The Rattlesnake cocktail is why rye and absinthe belong together

A little dash’ll do ya.

The Rattlesnake cocktail is why rye and absinthe belong together

In the beginning, there was the Old Fashioned — at least that is what we call it today. In the 1800s, it would likely have been made with rye whiskey — such was the style of the time. The drink was but spirit, bitters, sugar, water. Simple.

It wasn’t long before enterprising bartenders were taking that very simple construction and adding dashes of this and that to the recipe, some sour lemon juice here, a little dash of liqueur there.

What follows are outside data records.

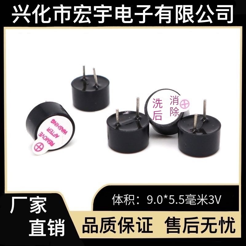 9*5.5MM有源3V蜂鸣器HU-09055YT03电磁式低功耗环保交流-TMB09A03
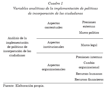 Para poder abordar y estudiar la cuestión de la implementación de la política de incorporación de los jóvenes en la política ambiental en América Latina, se han definido variables analíticas (cuadro 1) con base en algunas propuestas teóricas, en particular la propuesta de García (2004). En este artículo se presentarán de manera general algunas de estas variables que sirven para comprender en diferentes aspectos el contexto donde se originan en América Latina proyectos de participación como el GEO Juvenil.
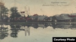 На паштоўцы — гарадзкі краявід пачатку мінулага стагодзьдзя, якога сёньня ўжо ня ўбачыш.
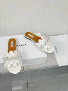 alaia sandal mule flower white pantent lambskin

That inclination to tinker, to not leave well enough alone, can be both good and bad, as anyone who has judged a cocktail comp (and is honest) will tell you.

But when that inclination caused a bartender to reach for absinthe, to add just a dash of that anise-driven, fragrant herbal spirit to a rye whiskey Sour, well — that was a very good day.

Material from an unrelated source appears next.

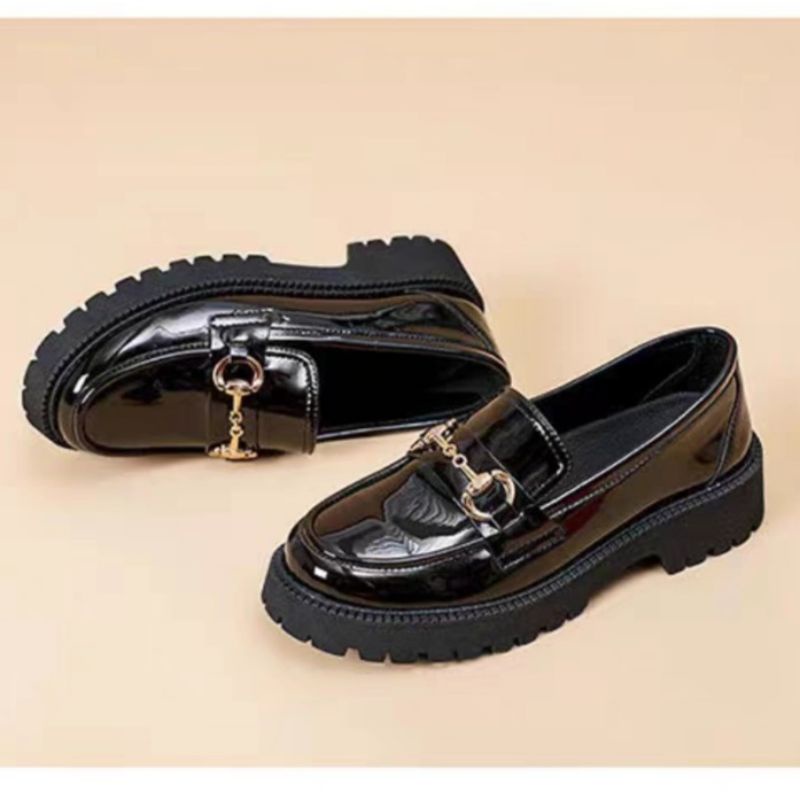 Sepatu Wanita > Loafers & Boat Shoes > Sepatu Docmart Wanita Hitam Glosy Hak Datar Kasual Import Premium DF 566 Sepatu Flat Loafers Kulit Cewek Kekinian Fashion Korean Style 8045

Absinthe and rye whiskey belong together.

Rye and absinthe pair well and pop up often in the annals of cocktail history: there they are in the Remember The Maine cocktail; the Rye Sazerac is incomplete without its aniseed absinthe rinse. You can spot the couple together — along with cognac and sweet vermouth — in the New Orleans classic, the Vieux Carre, and the pairing is there in another classic from the Big Easy, the eponymously titled De La Louisiane; take a Manhattan on rye and add a little absinthe, and you’ve launched into a Meteor.

Rye spirit often carries a note of anise, so there’s no surprise that a little dash of absinthe to your rye cocktail can make it memorable.

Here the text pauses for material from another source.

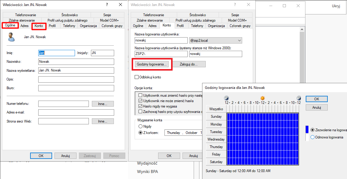 W dowolnym momencie możemy zmodyfikować właściwości użytkownika. Zaznaczamy nasz obiekt i PPM naciskamy „Właściwości”. Widzimy klika zakładek, z których interesują nas na chwilę obecną dwie – „Ogólne i „Konto”. W tej pierwszej zakładce mamy takie ogólne informacje o naszym obiekcie, a w zakładce „Konto”, możemy dokonać sporo zmian. Na przykład możemy wyłączyć konto, ustawić jego czas wygasania, odblokować je itp. My najpierw wybierzemy „Godziny logowania”:

The trick is to not go overboard. A quality rye deserves real, Swiss or French absinthe — or bottles made in those styles — and that fluorescent green stuff from the Czech Republic sans wormwood is best avoided.

And if it’s a lighter strength and a touch of sweetness that is required, there’s nothing wrong in swapping the absinthe for pastis — it’s a gentler, softer accompaniment to rye whiskey.

The Rattlesnake is one such cocktail that knows the power of a little dash of this and that. It’s a Whiskey Sour, with a little dash of absinthe to create something more exotic, more memorable.


  • 50ml Elijah Craig Rye
  • 5ml absinthe
  • 22ml lemon juice
  • 22ml sugar syrup
  • 15ml egg white
  • 3 drops aromatic bitters to garnish


Shake all ingredients with ice and without. Strain into a chilled cocktail glass.

Adapted from The Savoy Cocktail Book 1930.